I'm graduating my 5th high schooler this year without a smart phone (they get a dumb phone when they start driving). Not one of my young adult kids have said anything whatsoever about regretting that. Stay the course, it's worth it.
Thank you for this. It is a lonely job to be a “no phone parent”, so good to hear someone else is going through the same.
I wanted to ask how do you deal with kids’ friends bringing phones/ tablets/consoles over or your kids playing on those devices when visiting friends house ?
It is inspiring to read about other parents who are standing strong on the issue of teens and smartphones. Instead of paddling upstream, I see it as simply stepping out of the current; opting out of the cultural trend of our time. Thank you for your writing on this vital issue!
We've been swimming against the current (or stepping out of it as Shannon said above 👍🏻) almost since our kids were born--and each year as we learn more we do more things that are countercultural. I can't say it gets easier, but we get more hardened to it I guess. Appreciate all you've shared here--very helpful insights. Here's to being early adopters. (And also being very convicted about my own technology use--going to really dial it back as a test run over the summer).
My husband and I are also stepping out of the current with our almost four year old and it feels right for us. I like the phrase "in our family, we do..." to explain why we don't have tablets or let him use our phone. Hopefully we are modeling for him and others around us.
I'm glad your son's English teacher spoke up. I wish our children weren't burdened by this issue. One thing I've run into with my almost 15-year-old son, who has a standard Gabb phone (no Internet/social media/games/group texting/media sharing), is that when I've said that he can tell his friends that I'm to blame for him not having a smartphone or group texting or Snapchat, he's responded that he won't do it because that in itself is embarrassing for him. I hadn't originally anticipated his response, but now it makes sense to me that he'd feel that way. This likely isn't the experience of all teens in the same situation, but it may be for some, so I just wanted to mention that for parents who plan to avoid smartphones for their children.
I'm graduating my 5th high schooler this year without a smart phone (they get a dumb phone when they start driving). Not one of my young adult kids have said anything whatsoever about regretting that. Stay the course, it's worth it.

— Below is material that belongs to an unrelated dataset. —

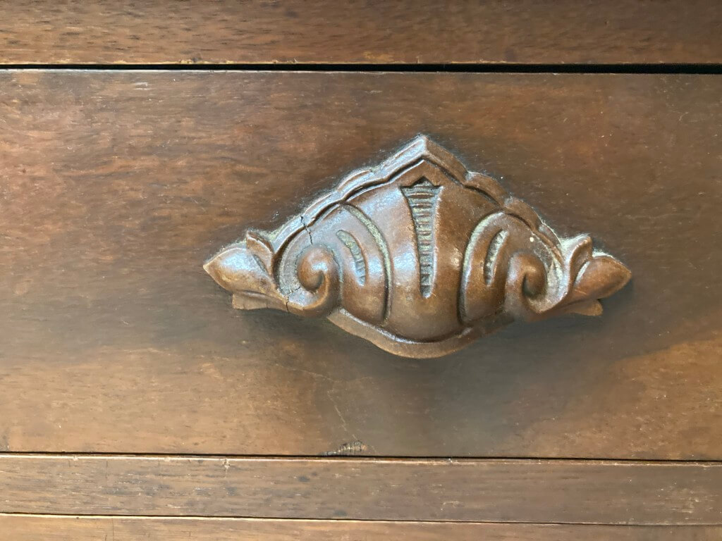 Your happiness with this item is of the utmost importance to us so please review the photographs carefully for condition. We endeavor to try and list any issues we may observe; we may not necessarily note all minor nicks and dings or we may simply miss something. Please inspect carefully to ensure your full happiness with this item. For this particular piece we found wear consistent with age and prior use, including finish issues, cracks, and old shelf paper in the interior.

Thank you for this. It is a lonely job to be a “no phone parent”, so good to hear someone else is going through the same.

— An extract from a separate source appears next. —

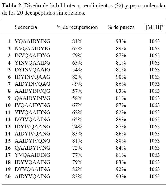 El tamaño de la biblioteca fue de 20 decapéptidos como se describe en la Tabla 2. De esta manera, conservando el mismo número y tipo de aminoácidos en el péptido original (1) se han modificado las posiciones. Así, el análisis de afinidad a metales y sus posibles variaciones dependerán de la posición de los aminoácidos en cada péptido sintetizado.

I wanted to ask how do you deal with kids’ friends bringing phones/ tablets/consoles over or your kids playing on those devices when visiting friends house ?
Hello Lina. Thanks for your comment. I wrote an article on how I deal with other kids' phones. You can read it here: https://katherinemartinko.substack.com/p/how-to-handle-other-kids-with-phones. Hope that helps!
Thank you, that was really helpful!
It is inspiring to read about other parents who are standing strong on the issue of teens and smartphones. Instead of paddling upstream, I see it as simply stepping out of the current; opting out of the cultural trend of our time. Thank you for your writing on this vital issue!
Thank you. I like that way of thinking about it—stepping out of the current. I'll keep that in mind.
We've been swimming against the current (or stepping out of it as Shannon said above 👍🏻) almost since our kids were born--and each year as we learn more we do more things that are countercultural. I can't say it gets easier, but we get more hardened to it I guess. Appreciate all you've shared here--very helpful insights. Here's to being early adopters. (And also being very convicted about my own technology use--going to really dial it back as a test run over the summer).
My husband and I are also stepping out of the current with our almost four year old and it feels right for us. I like the phrase "in our family, we do..." to explain why we don't have tablets or let him use our phone. Hopefully we are modeling for him and others around us.
I really like that. We say something similar to our 8 year old. "Different families have different rules, and that's okay".
I will definitely remember your phrasing as my son gets older, because I assume there will be more back and forth when he is 8!
I'm glad your son's English teacher spoke up. I wish our children weren't burdened by this issue. One thing I've run into with my almost 15-year-old son, who has a standard Gabb phone (no Internet/social media/games/group texting/media sharing), is that when I've said that he can tell his friends that I'm to blame for him not having a smartphone or group texting or Snapchat, he's responded that he won't do it because that in itself is embarrassing for him. I hadn't originally anticipated his response, but now it makes sense to me that he'd feel that way. This likely isn't the experience of all teens in the same situation, but it may be for some, so I just wanted to mention that for parents who plan to avoid smartphones for their children.